• To do: The records below must be transcribed exactly, with each picture left out.

Data items
____

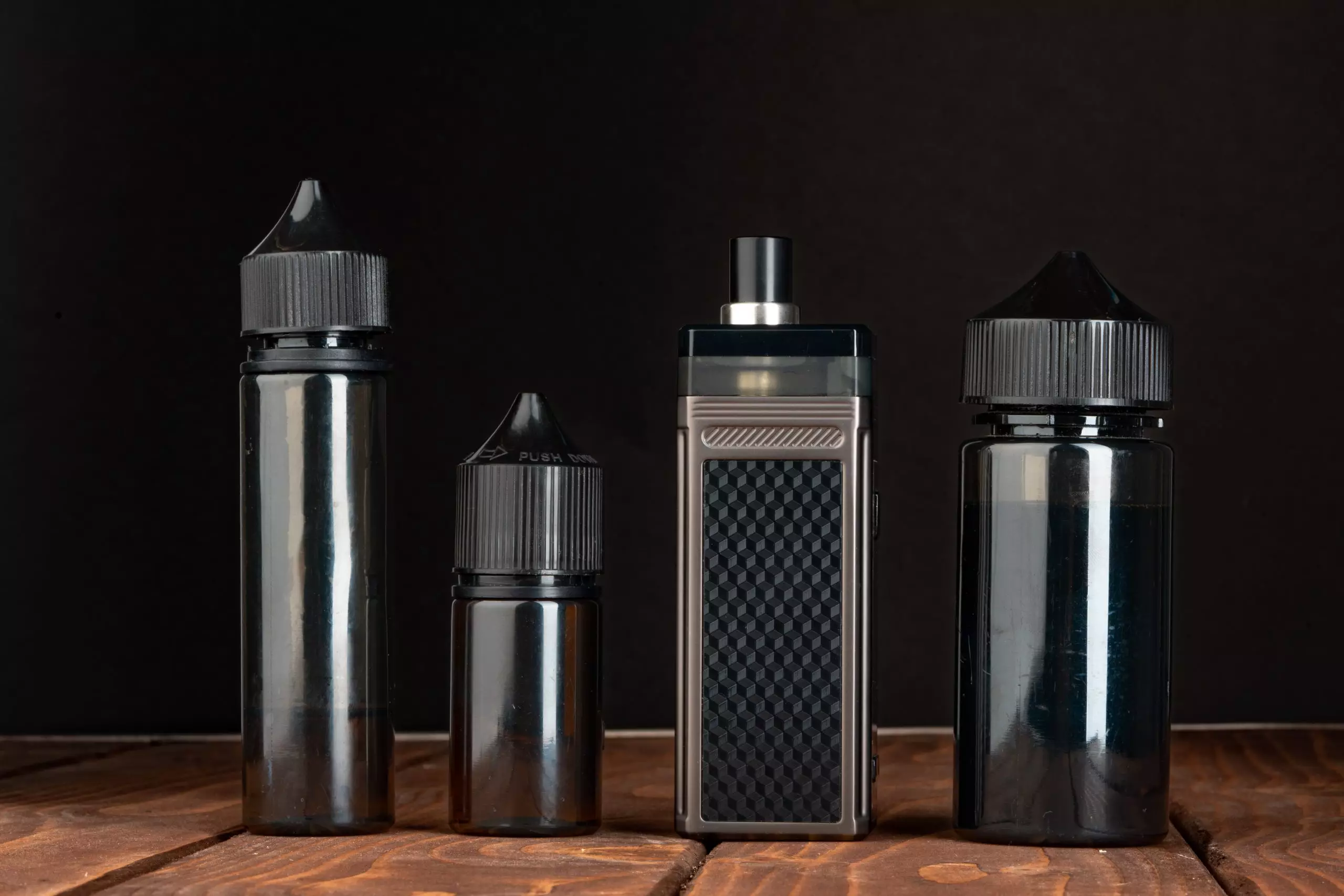 Vape e garrafas de líquido vape contra fundo preto Por FabrikaPhoto
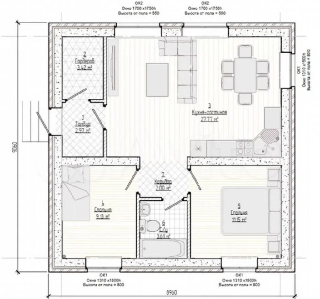 Высота потолков 5 м, панорамные окна, большая кухня-гостиная 27,8 м, две спальни, гардеробная.
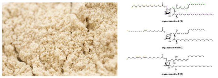 研究グループは、まだあまり機能が解明されていない、「アシル化グルコシルセラミド」という脂質に着目し、米糠の副産物から新たに3種類を単離して、その化学構造を明らかにしました。いずれも新規の化合物だったため、米の学名Oryza sativaに因んで「oryzaceramide A」、「oryzaceramide B」、「oryzaceramide C」と命名しました。
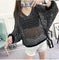 Mesh hollow V-neck Top - runwayfashionista.com
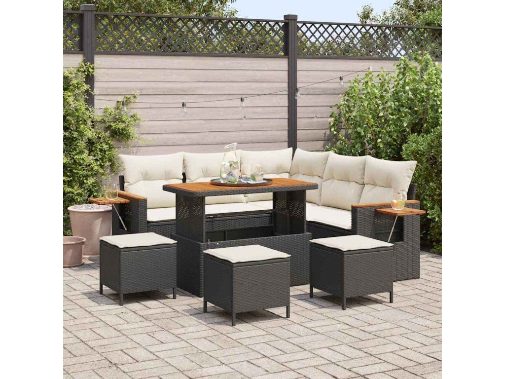 Sada zahradních pohovek s polštářem 9 pcs Černá a krémová 3363180
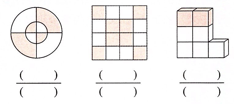 二 把下面每个图形都看作单位“1”,用分数表示各图中涂色部分的大小。
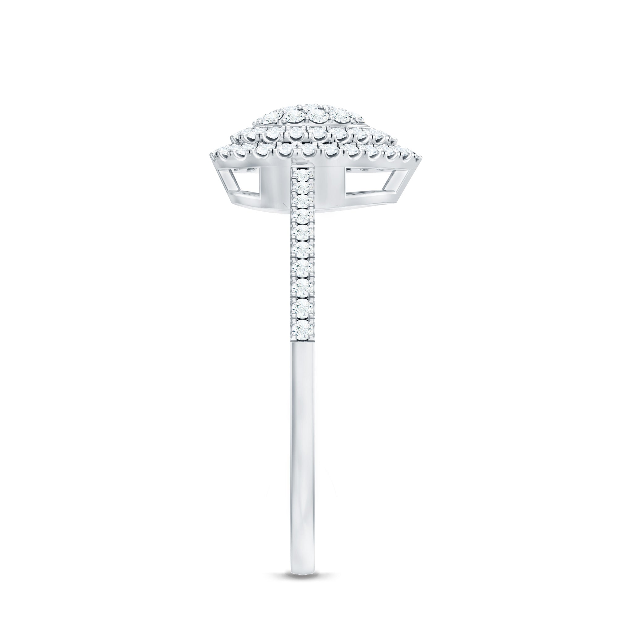 Reminiscent of the shape of a boat, smile, and football, a Marquise Cut is characterized by a curved body and pointed ends. Thanks to its long and tapered shape, a Marquise Diamond Engagement Ring makes for a flattering choice for those looking for larger-sized rings. Moreover, it boasts a total number of 58 facets that are strategically placed to maximize the sparkle.
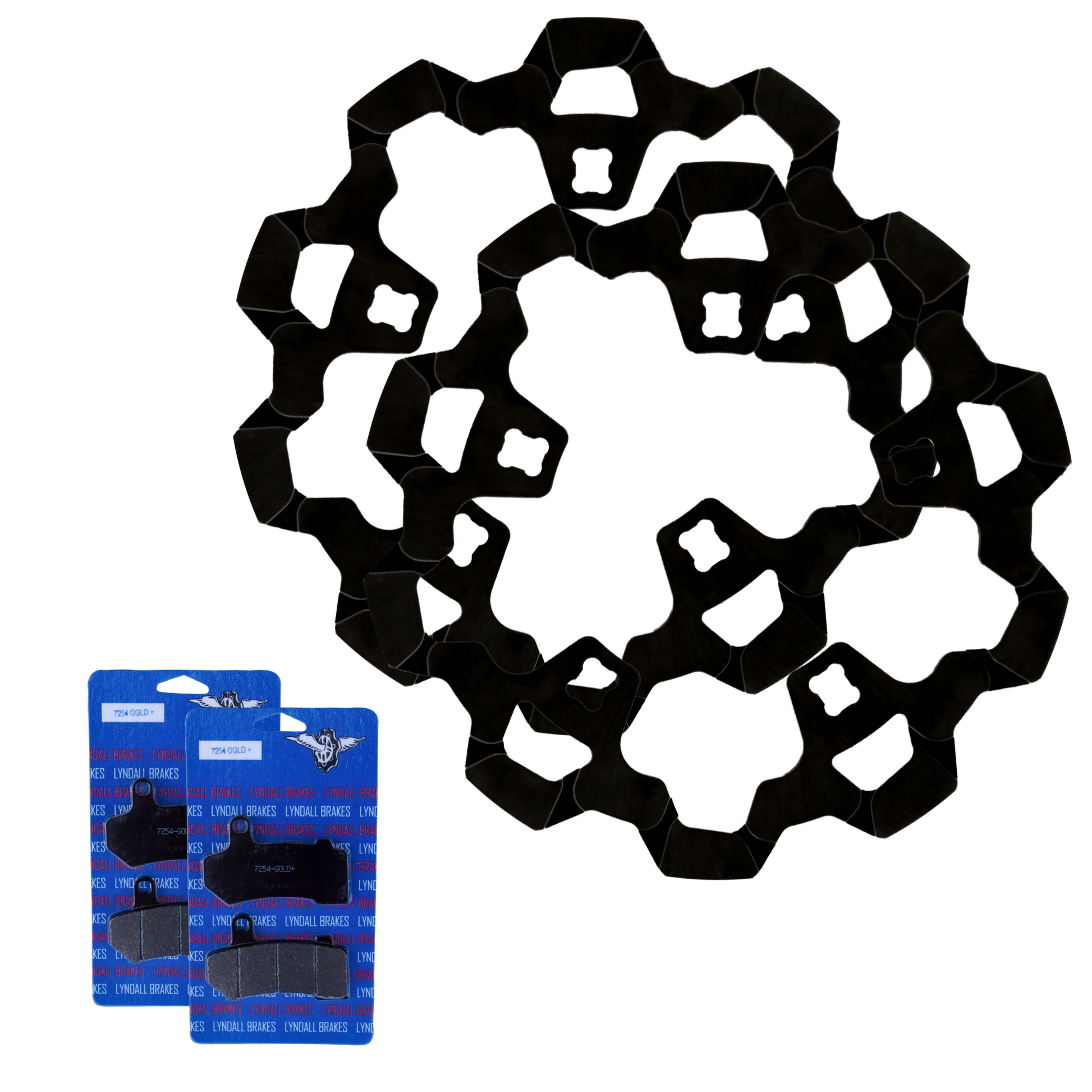 Lyndall Bow-Tie cut rotors are our newest design. These are similar to the Crown Cut design, but with significantly less weight and better outgassing. Our Bow-Tie cut friction rings are also designed to provide better stopping power. By reducing the surface area where the brake pads make contact with the friction ring, clamping power per square inch is increased.

____

• Your response:
 Vape e garrafas de líquido vape contra fundo preto Por FabrikaPhoto
 Высота потолков 5 м, панорамные окна, большая кухня-гостиная 27,8 м, две спальни, гардеробная.
 研究グループは、まだあまり機能が解明されていない、「アシル化グルコシルセラミド」という脂質に着目し、米糠の副産物から新たに3種類を単離して、その化学構造を明らかにしました。いずれも新規の化合物だったため、米の学名Oryza sativaに因んで「oryzaceramide A」、「oryzaceramide B」、「oryzaceramide C」と命名しました。
 Mesh hollow V-neck Top - runwayfashionista.com
 Sada zahradních pohovek s polštářem 9 pcs Černá a krémová 3363180
 二 把下面每个图形都看作单位“1”,用分数表示各图中涂色部分的大小。
 Reminiscent of the shape of a boat, smile, and football, a Marquise Cut is characterized by a curved body and pointed ends. Thanks to its long and tapered shape, a Marquise Diamond Engagement Ring makes for a flattering choice for those looking for larger-sized rings. Moreover, it boasts a total number of 58 facets that are strategically placed to maximize the sparkle.
 Lyndall Bow-Tie cut rotors are our newest design. These are similar to the Crown Cut design, but with significantly less weight and better outgassing. Our Bow-Tie cut friction rings are also designed to provide better stopping power. By reducing the surface area where the brake pads make contact with the friction ring, clamping power per square inch is increased.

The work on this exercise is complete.